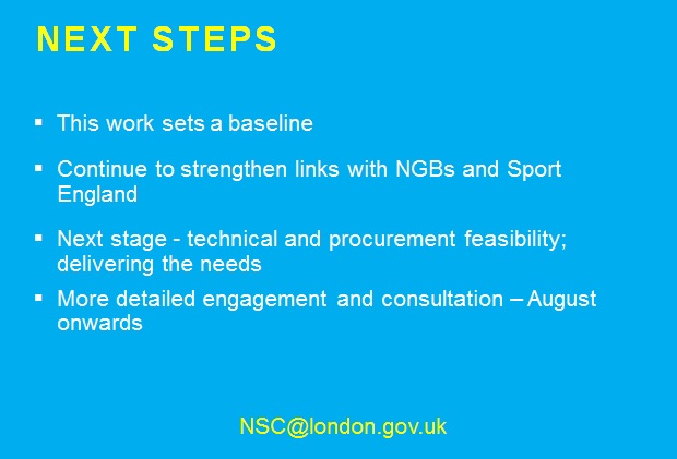 We are now approaching what could be another critical phase with the NSC planning by the GLA, where it will be crucial that NGB’s – especially for all outdoor sports generally, to engage at the highest level.
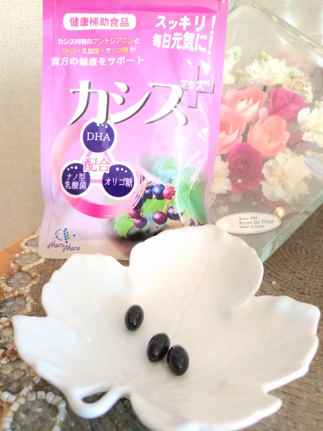 そのカシスエキス粉末にDHA,乳酸菌、オリゴ糖を加えた、飲みやすいカプセル錠の健康補助食品です。
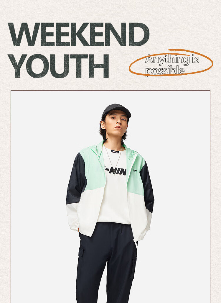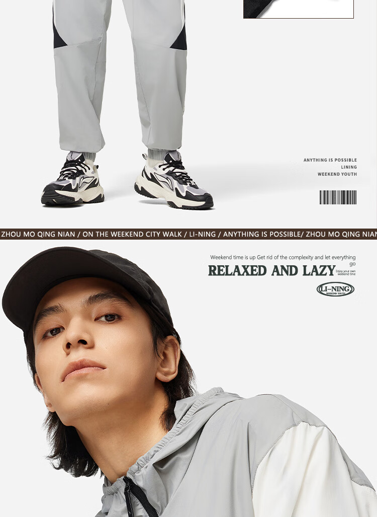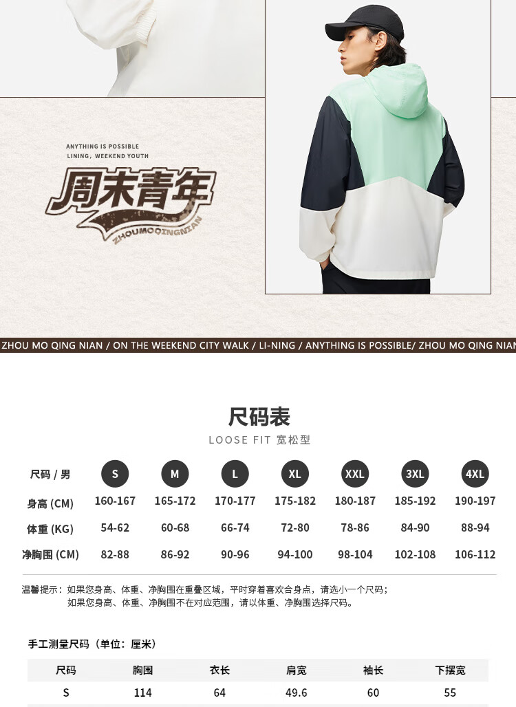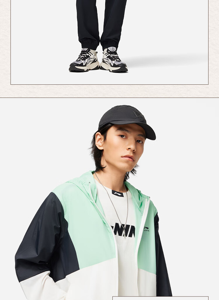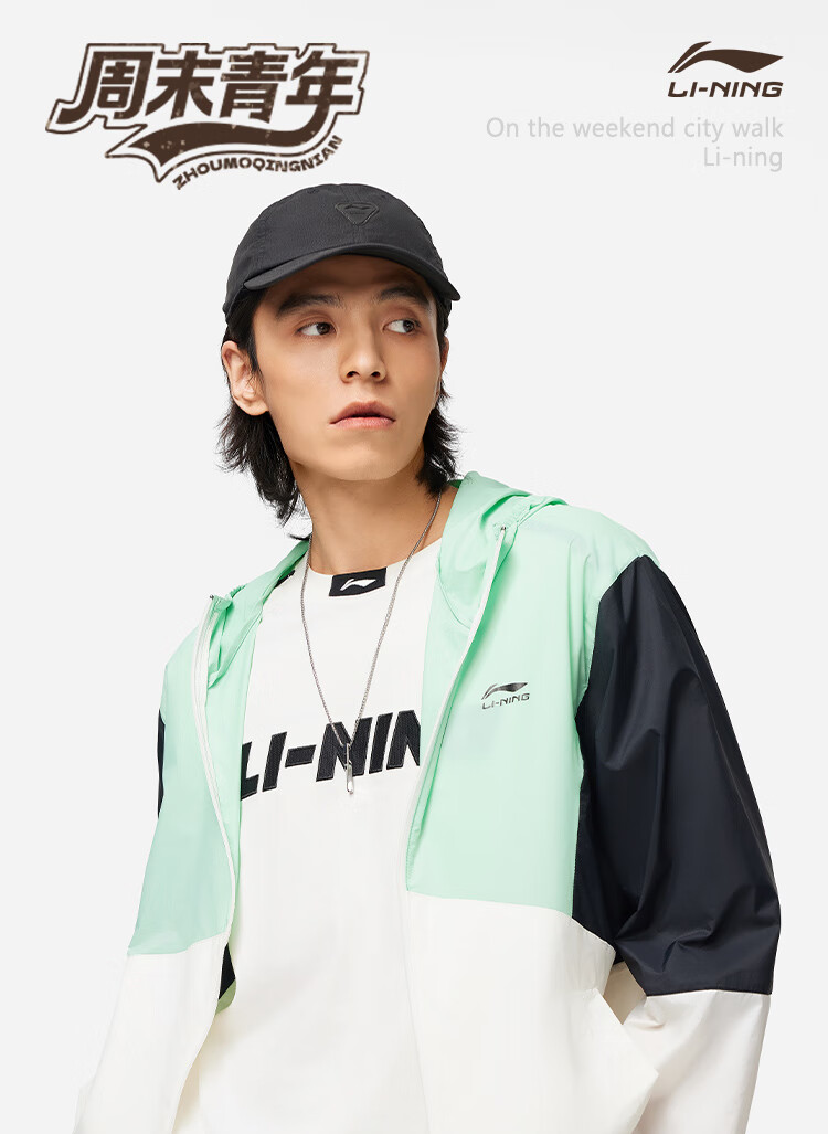李宁运动潮流系列男子24撞色宽松运动夹克风衣 灰黑色拼色AFDU363-1 L

TASK INSTRUCTIONS:
Could you set down the data exactly as given, minus its pictures?

WRITTEN SOLUTION:
 We are now approaching what could be another critical phase with the NSC planning by the GLA, where it will be crucial that NGB’s – especially for all outdoor sports generally, to engage at the highest level.
 そのカシスエキス粉末にDHA,乳酸菌、オリゴ糖を加えた、飲みやすいカプセル錠の健康補助食品です。
李宁运动潮流系列男子24撞色宽松运动夹克风衣 灰黑色拼色AFDU363-1 L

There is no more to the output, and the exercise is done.